Sunday, October 24, 2010

Monticello


Monticello was the fifth president's home that we have visited. This place is amazing in its design and use of space. We toured the gardens. They maintain a 1000 foot garden space for vegetables. Instead of feeding the family and slaves, now the produce goes to the visitor's center restaurant and to the employees. The views from this mountaintop are beautiful. When Jefferson lived there, no big trees blocked the views as they do now. He used to take his spy glass out on the porch and watch them building the University of Virginia down in the valley. You can see the dome of UVA in the distance.
It is hard to tell from the photo, but coming off each end of the house are large open porches. They come out probably about 100 feet then turn and run straigt back for hundreds of feet. Under this "porch" was hidden the daily business of the house. The two sides are connected by this same underground passage under the house. There is a wash room, an ice house, the kitchen, stables for guest horses, and the all important beer cellar and wine cellar. The wine cellar had a dumb waiter to the dining room for wine delivery during a meal. We noticed that the kitchen was much more modern than Washington's was--a few years newer, but much of Jefferson's ideas came from his time in France.

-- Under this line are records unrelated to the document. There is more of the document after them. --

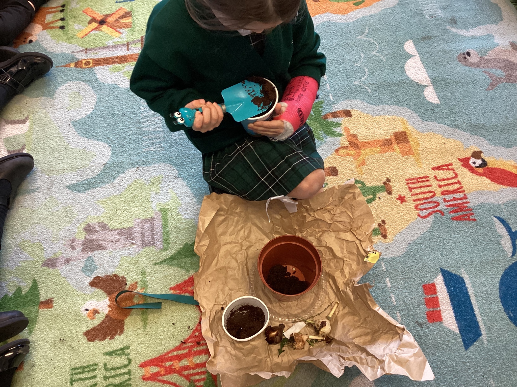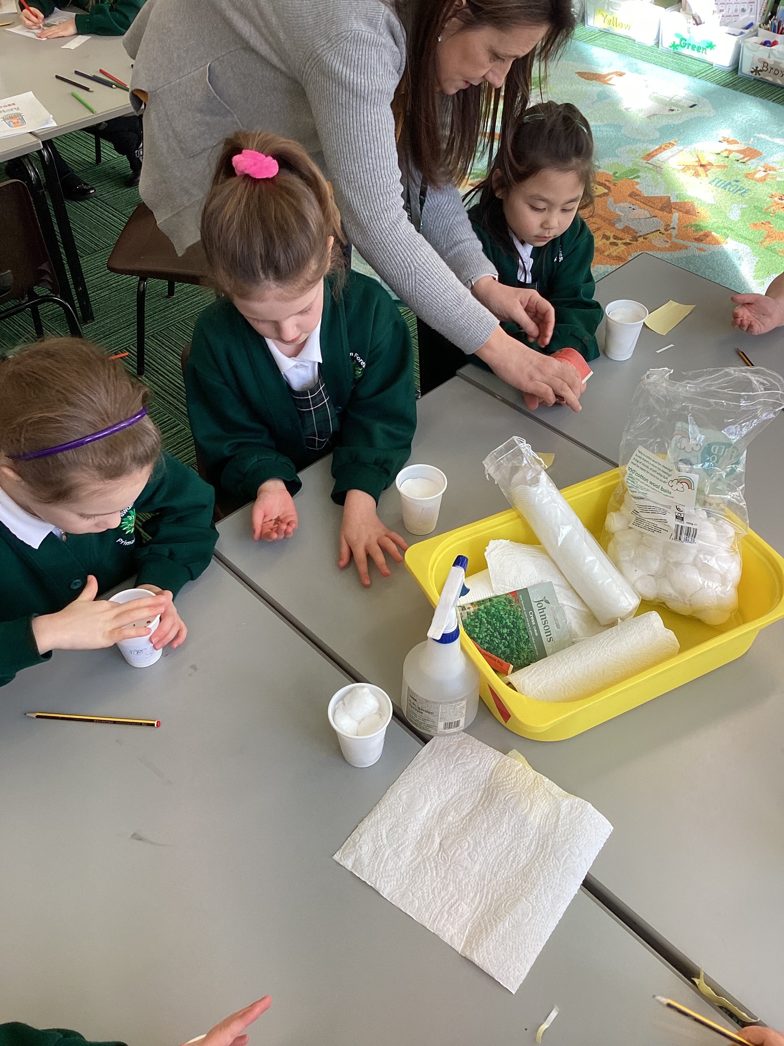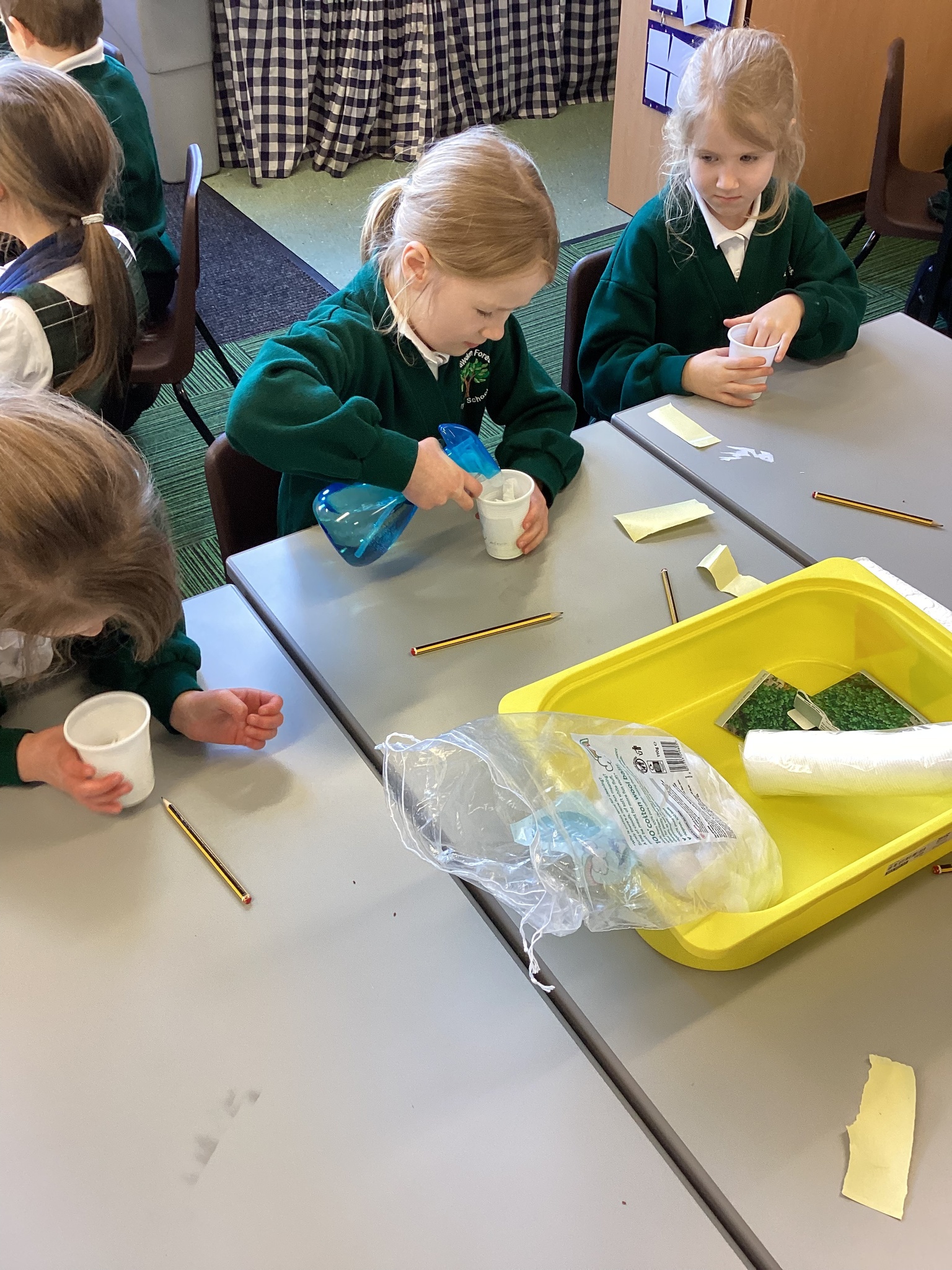 We have enjoyed our first lesson about plants. We have planted a variety of seeds and bulbs including some cress seeds in our very own cress pot. We will be watching how they grow over the next few weeks and then we will bring them home to taste!
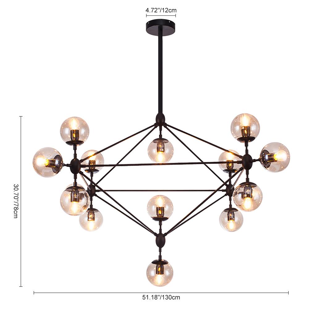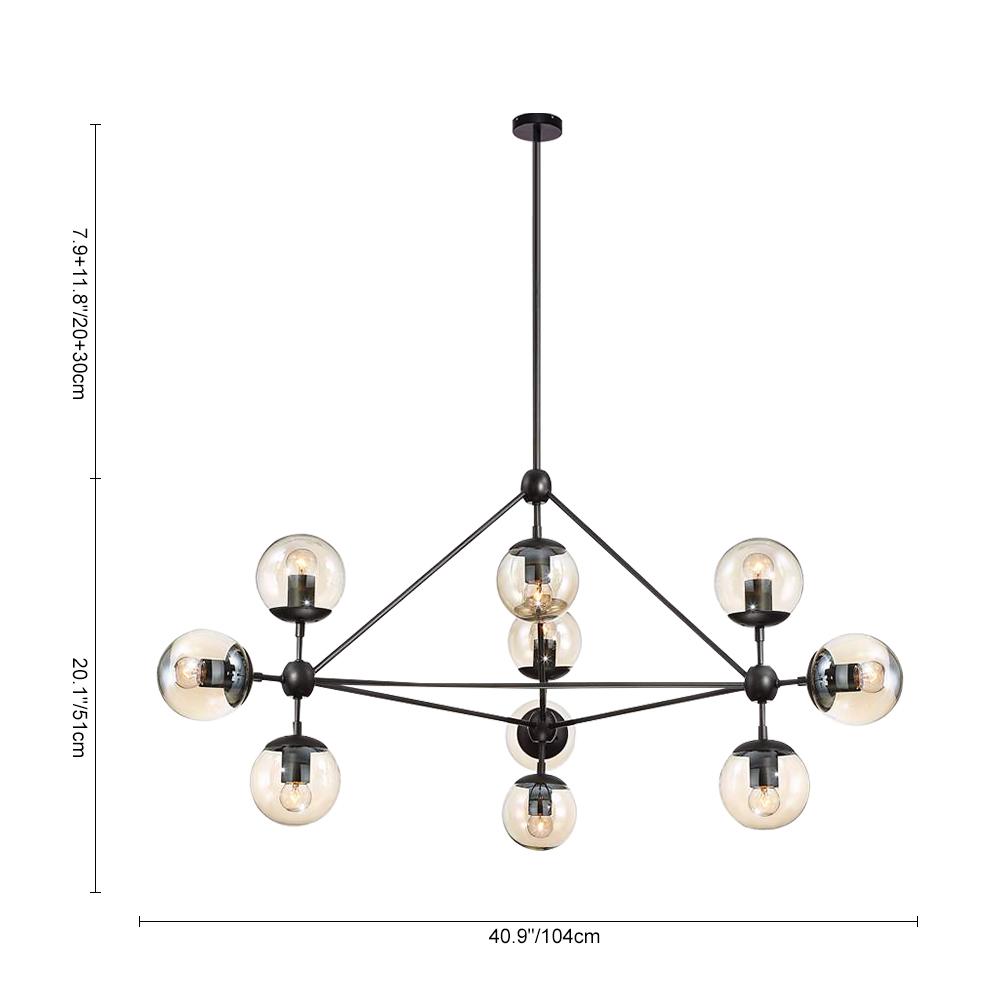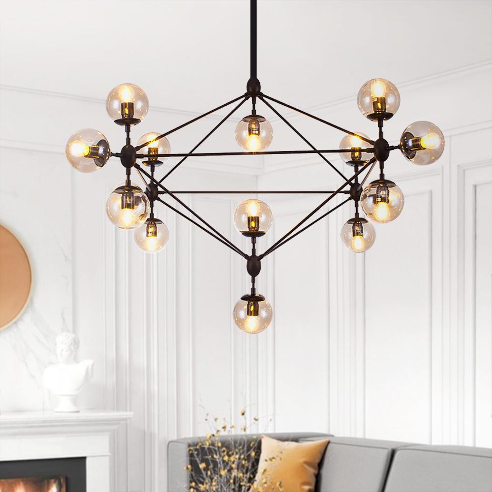 Kymmenen/viisitoista valoa • Kirkkaat lasivarjostimet • Musta viimeistely • E26/E27 Keskikantaiset polttimot (ei sisälly) • Kiinteä • UL-listattu/CE-listattu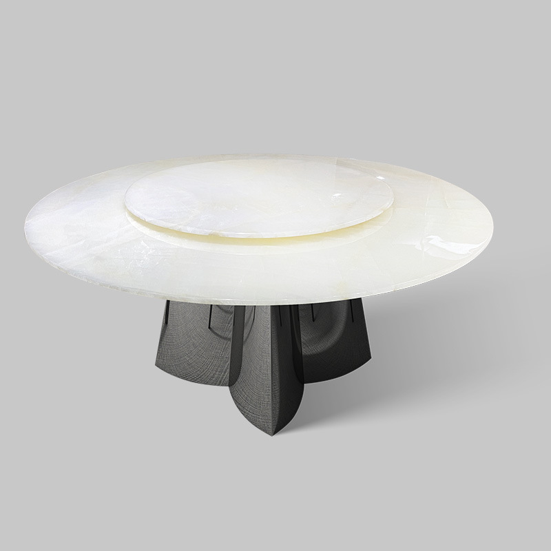 Meja Makan Marmer Giok Es Putih Alami Rasa Premium Rumah Tangga Batu Mewah Villa Besar Meja Makan Bundar Meja Meja Makan Batu Giok Meja Makan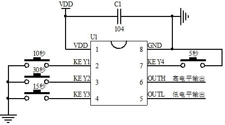上電不工作,OUTH為低電平,OUTL為高電平,短按按鍵開始計時OUTH輸出高電平、OUTL輸出低電平,計時結束電平信號翻轉。中途觸發停止計時輸出信號翻轉。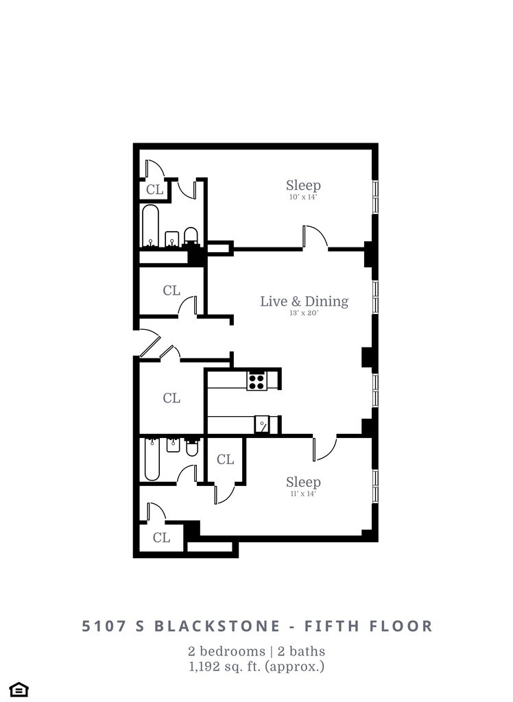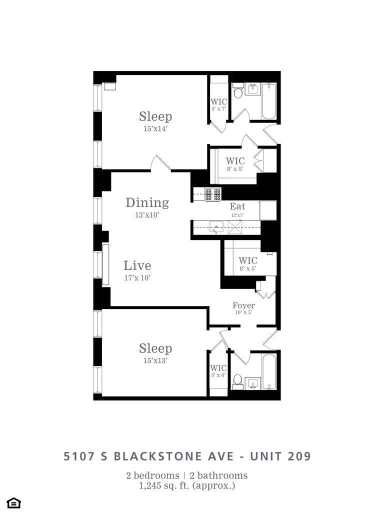 2 Bedroom, 2 Bathroom (C1) - Floorplan 1 2 Beds, 2 baths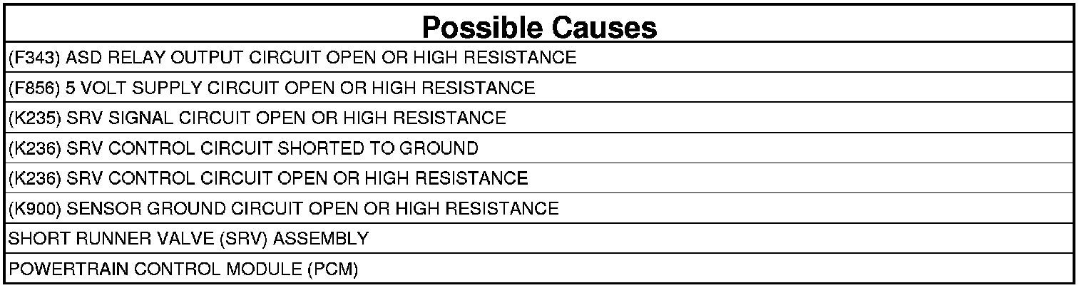 1. Measure the resistance of the (K236) SRV Control circuit between the Short Runner Valve Assembly harness connector and the appropriate terminal of PCM Pinout Box 8815.
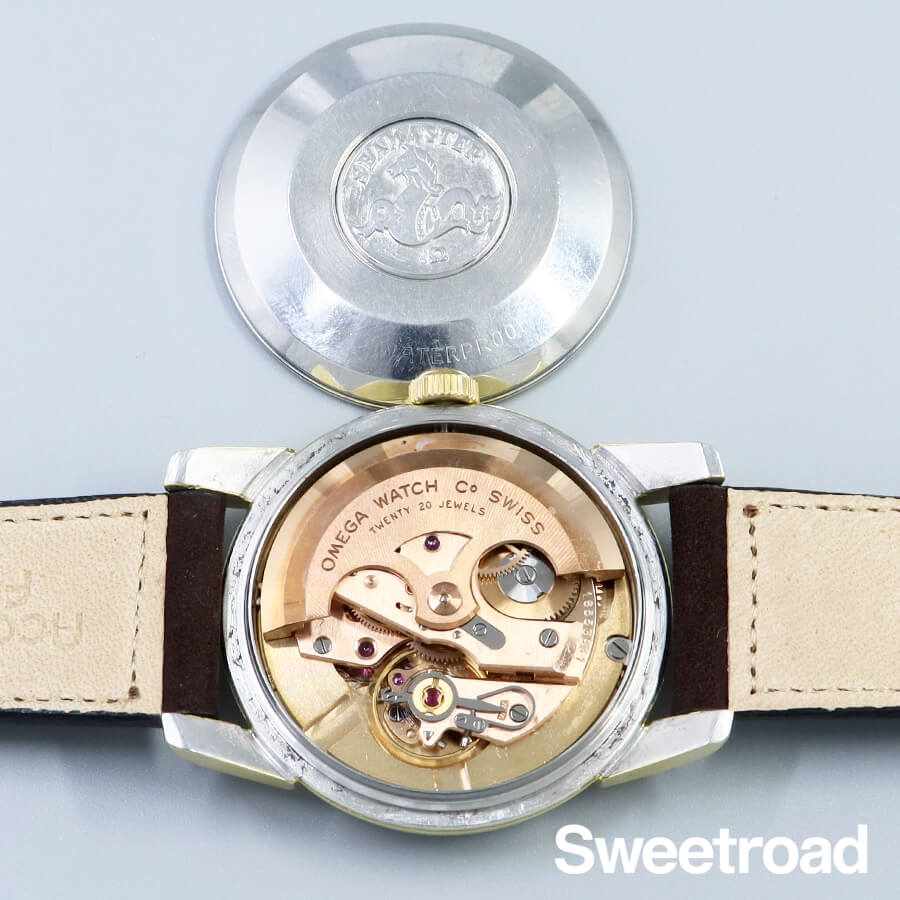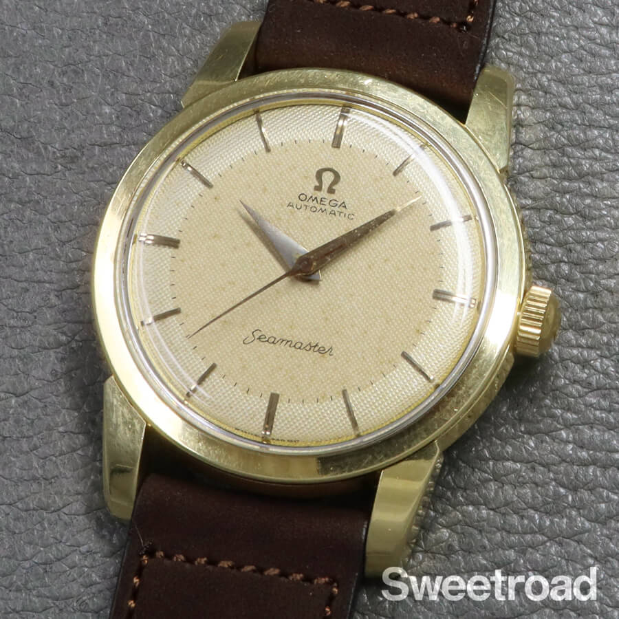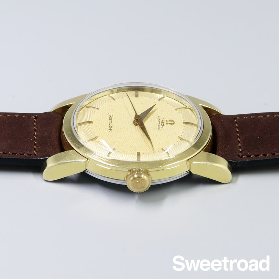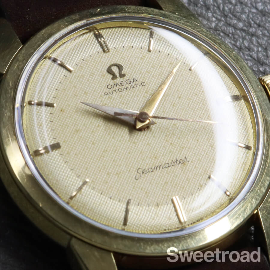 1958年に製造されたオメガ・シーマスターのヴィンテージモデル。 ツートン仕様のギョーシェダイヤルに、ドーフィンハンドが配されたヴィンテージらしいディティールが目を惹きます。 ツートンダイヤルの内側部分に経年が現れており、針に腐食などが見られますが、雰囲気良くエイジングされ、魅力的な顔立ちになっています。 金張りの外装には小傷こそありますが、目立つようなダメージや剥がれはなく、ケースボリュームや裏蓋のシーホース刻印もしっかりと残っています。 ベルトはアキュレイトフォルムのレザーベルトを装着しています。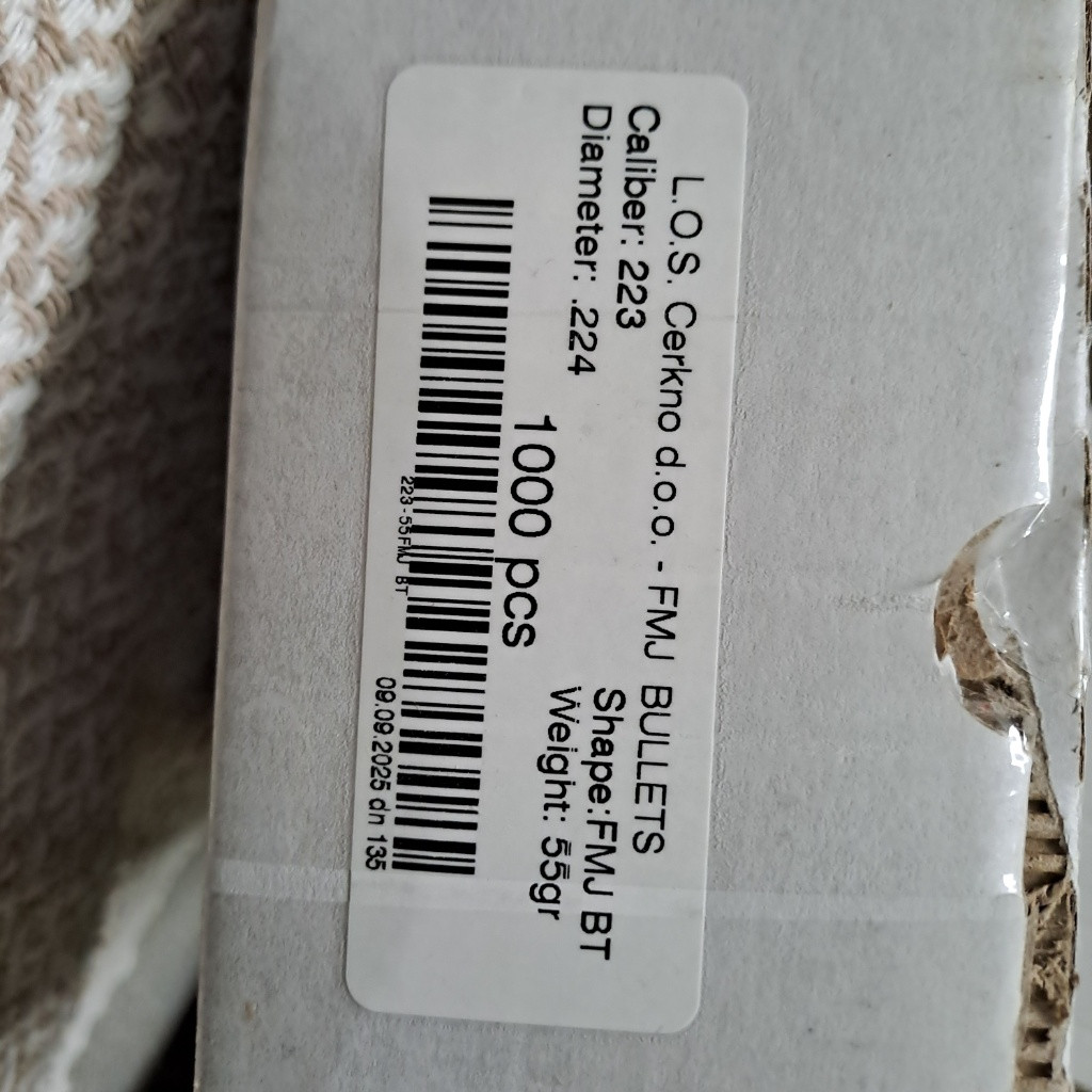 Prodám střely LOS .223 , 55gr Cena za kus 2,4kč, baleni 1000 ks Mohu poslat max po 4000ks Bližší info viz foto.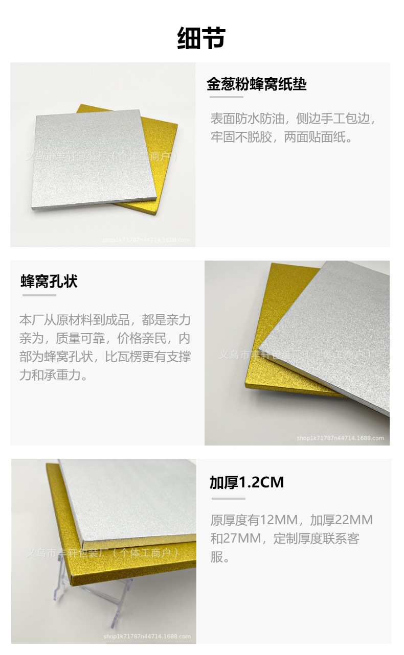 Embalaje de horneado, polvo de cebolla dorada, placa de pastel, placa de pastel al por mayor, bandeja de papel corrugado 1.2CM, almohadilla de pastel

He is buried on the grounds and his descendents continue to use the cemetery. Jefferson was deeply in debt when he died so the furnishings of the house and the slaves were sold to pay off his debts. Over time the house furnishings have come back. He did free the four Hemming children that are believed to be his. Many of his slaves were taught skills by the white workers that he had in the building process. When he left the presidency he spent the last 17 years of his life at Monticello, never leaving the state and rarely leaving the mountaintop.